Transcription factor MafA is a protein that in humans is encoded by the MAFA gene. It is a member of the Maf family of transcription factors.

MAFA is phosphorylated sequentially on four serine/threonine residues by GSK-3 kinase. These phosphorylations activate MAFA transcription and trigger its degradation in the proteasome. Altering these post-translationnal modifications leads to severe pathological consequences. Mutation of these  residues  is perinatally lethal in mice, and  mutation of the Ser64Phe priming site was reported to induce familial diabetes mellitus and insulinomatosis in humans.

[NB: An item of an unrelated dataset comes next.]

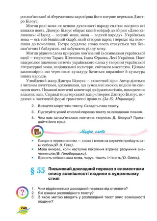 4. Об’єднайтеся вчотири групи. Кожна група складає за одним із малюнків геніального данського карикатуриста Х. Бідструпа роз повідь про поведінку людей відповідного типу темпераменту. Ви користайте всі форми дієслова (неозначена форма, особові фор ми, дієприкметник, дієприслівник, безособові форми на но, то). 1. Прочитайте текст. До якого стилю він належить? Офіційно діловий стиль — це стиль ділових документів. Йому властиві мовні кліше, наприклад такі: згідно з розпорядженням, відповід но до чинного законодавства, порядок денний, поставити питання на розгляд, довести до відома, узяти до уваги, ужити заходів. У медичній галузі, наприклад, побутують кліше на зразок госпіта лізація хворого, дослідження крові, відчуття болю, затьмарення свідо мості, забите місце, згідно з приписом лікаря, лікарняний листок тощо. Однією з морфологічних ознак офіційно ділової мови є вживання дієслів у формі теперішнього й минулого часу зі значенням постійної дії (пропонується, надсилається, слухали, ухвалили), безособових діє слів (перевірено, рекомендовано), інфінітива (призначити, звільнити). 2. Складіть і запишіть речення з виділеними дієсловами. 1. Спишіть вірш Є. Плужника. Падає з дерев пожовкле листя, День уже в обіди догорів, — Кажуть, що вночі на передмістя Осінь приблукала з хуторів. В центрі вона буде завтра ранком, Повагом вступаючи туди... Що ж! Приходь, задумлива селянко, — Я тебе побачити радий. 32 50 51
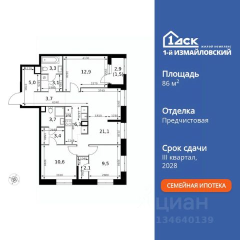 • ИПОТЕКА 10% ДЛЯ ВСЕХ БЕЗ НАЦЕНОК • ДОСТУПНО ПО СЕМЕЙНОЙ ИПОТЕКЕ Прямая продажа от застройщика! Жилой Комплекс Комфорт класса. Продаётся 4-к квартира номер 420 общей площадью 85.3 кв.м. на 2-м этаже 32 этажного здания. Без отделки. Цена с учётом скидки. Особенности квартиры: - Мастер-зона с санузлом и гардеробной. Всё для вашего комфорта и удобства, включая личный санузел и гардероб. - Просторная спальня, в которой можно разместить большую кровать. - Угловая планировка - больше пространства для ваших идей. - Увеличенное количество окон - дополнительное освещение и свежий воздух. - Гостевой санузел - комфорт и удобство для ваших гостей. - Душ помимо ванной - дополнительное удобство для вашей семьи. - Постирочная - организуйте пространство для стирки и сушки вещей. - Евроформат - просторное и удобное жилье с отличной планировкой. - Место для игры/занятия спортом - идеальное пространство для активных детей. - Можно оборудовать 2 или более рабочих места - пространство для нескольких человек. - Возможность добавить спальное место - дополнительный комфорт для гостей. - Проходная кухня-гостиная - идеальное пространство для общения и готовки. - Гардеробная - удобство для хранения и организации вещей. - Ниша под шкаф - компактное и удобное место для вещей. - Лоджия - уютное место для отдыха и тишины. Информация о комплексе: Современный архитектурный проект "1-й Измайловский" - идеальное место для проживания, расположенное в восточной части Москвы в окружении 14 000 гектаров леса. Комплекс пронизан атмосферой здорового образа жизни и благополучия. Сиреневый сад и близлежащие лесопарки - это места, где можно насладиться лыжными прогулками зимой и тонизирующими пробежками летом. Расположенный между Щелковским шоссе и Амурской улицей, "1-й Измайловский" осмысляет себя не столько через близость к городским точкам притяжения, сколько через соседство с зелеными пространствами и спортивными объектами. Он отгорожен от шоссе застройкой первой линии и собственными садами здоровья. В его окнах - изумрудное море парка "Лосиный остров" и густые кроны окрестных дворов. В его графике - занятия спортом и прогулки в Измайлове. Транспортная доступность: Не более 2,5 км до станций метро "Щёлковская" и "Черкизовская" и МЦК "Локомотив". Щёлковское шоссе соединяет квартал с Северо-восточной хордой и МКАД, Центральным автовокзалом и Восточным железнодорожным вокзалом. Две автобусные остановки в паре минут ходьбы и 11 маршрутов общественного транспорта. На автомобиле 3 минуты до СВХ 12 минут до ТТК 15 минут до Садового кольца Внутренняя инфраструктура: Комплекс находится в исторически сложившемся районе Москвы с хорошим качеством и плотностью инфраструктуры. Торговые центры и сетевые магазины -6 детских садов, включая собственный детский сад на 125 мест -3 школы, включая собственную школу -Поликлиники и медицинские центры -Парки и зоны отдыха Расположение архитектурного проекта создает все условия для тех, кто стремится к здо

MAFA assists in insulin regulation 
An in vivo study on mice proved MafA binds to the promoter in an insulin gene to regulate insulin transcription in response to serum glucose levels. MafA is a  β cell-specific activator, which differentiates it from other transcription factors involved with insulin gene expression. It helps regulate the β cells involved with insulin secretion primarily by maintaining β cell metabolism. The amount of MafA in the β cells is regulated by levels of glucose and oxidative stress.

Interactions
MafA (gene) has been shown to interact with NEUROD1 and Pdx1. MafA works with Pdx1 to activate the insulin gene.

MAFA in neurons 
In addition to its expression in pancreatic ßcells, MAFA is also expressed in specific subsets of  excitatory and inhibitory neurons. In the peripheric nervous system, it is expressed in touch mechanoreceptors.  In the central nervous system,  Mafa is expressed in sensory neurons in the spinal cord and trigeminal nucleus, as well as in the olfactory bulb. It is also present in ventral inhibitory neurons of the spinal cord (Renshaw cells) and in brainstem inhibitory neurons controlling  mouse neonatal apneas.